2H2O(l)=2H2(g) +O2(g)
the stress is an increase in pressure. If there is an increase in pressure, the reaction would go to the side of fewer moles. Even though the left side has no moles of gas, is the result still shifting to the left
No, in this case, the result would actually shift to the right, not to the left.
According to Le Chatelier's principle, an increase in pressure favors the side of the reaction with fewer moles of gas. In this reaction, there are no moles of gas on the left side, and there are 2 moles of gas on the right side (H2 and O2). Therefore, an increase in pressure would favor the formation of more gas molecules and push the reaction towards the right side, resulting in an increase in the production of H2 and O2 gases.

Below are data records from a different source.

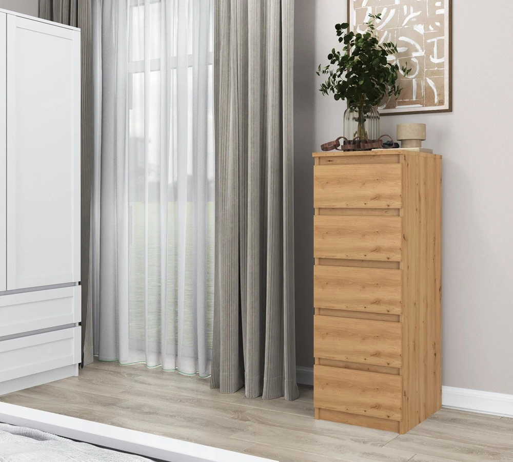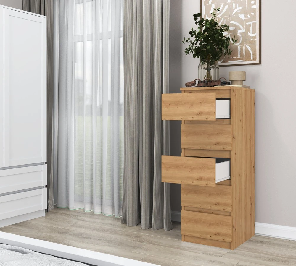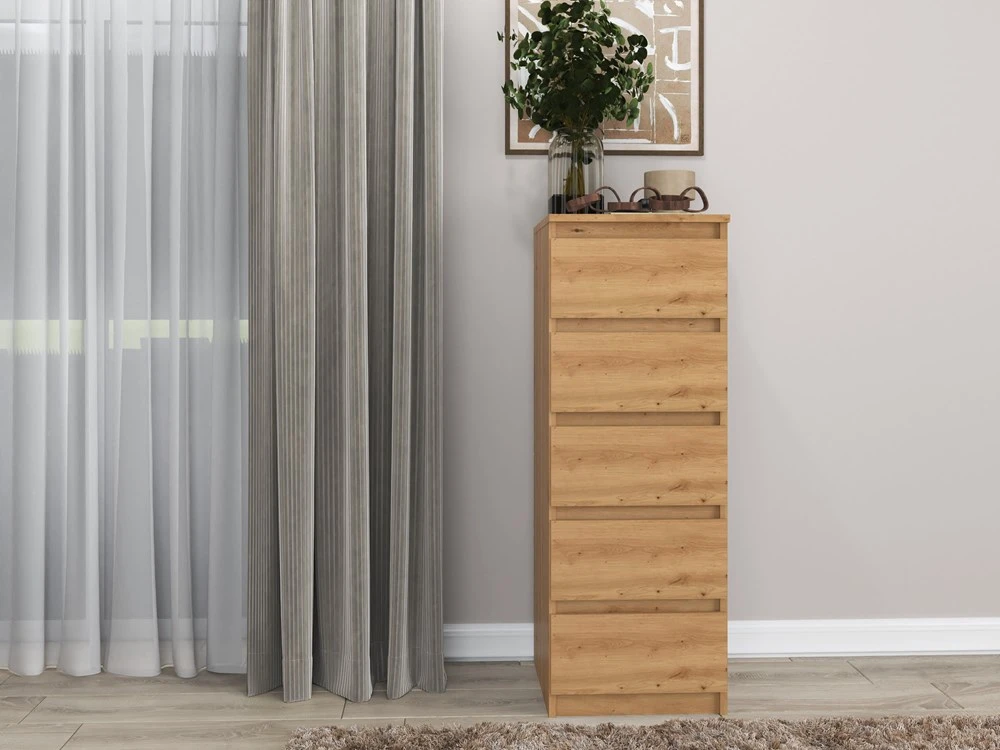 Nadčasová komoda Malvína v minimalistickém designu nabízí díky svému provedení dostatek úložného prostoru a univerzální použití v kterékoliv místnosti vašeho bytu či domu. Bezúchytková čela zásuvek zajistí pohodlné používání a dokreslí moderní a útulný charakter vašeho interiéru. Komoda je vyrobena ze snadno udržovatelného lamina, hrany jsou zakončené vysoce odolným ABS materiálem.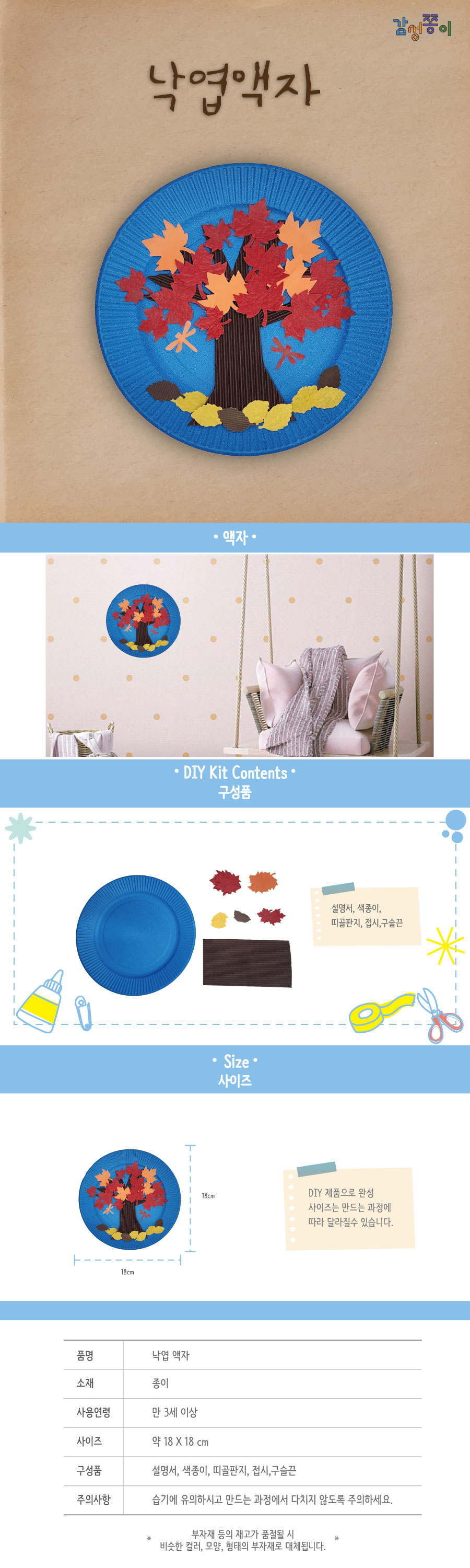 [감성쫑이] 종이접시 낙엽 나무 액자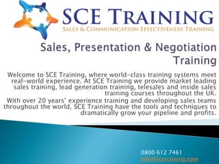 SCE Training offers top-notch sales, lead generation, telesales, and inside sales training across the UK, leveraging over 20 years of global experience to enhance sales teams' performance. The organization focuses on strategic lead generation and effective communication, aiming to help clients increase their pipeline revenue and profits. They provide both standard and bespoke training courses to meet various organizational needs.

In the given reaction, 2H2O(l) = 2H2(g) + O2(g), the stress you mentioned is an increase in pressure. It is correct that an increase in pressure would typically cause the reaction to shift to the side with fewer moles of gas.
In this reaction, the left side has no moles of gas initially, while the right side has a total of 2 moles of gas (2 moles of H2). Based on the principle of Le Chatelier's principle, when pressure is increased, the equilibrium will shift to the side with fewer moles of gas to reduce the pressure.
In this case, since there are no moles of gas on the left side and 2 moles of gas on the right side, the reaction will shift to the left (toward the reactants) in order to reduce the pressure. As a result, more H2O(l) will be formed, leading to a decrease in the amount of H2(g) and O2(g).
It's important to note that this explanation relies on the assumption that the reaction is at equilibrium. If the reaction is not yet at equilibrium, the shifts and changes in concentrations would be different. To determine the exact effect, thermodynamic calculations or equilibrium constants would need to be considered.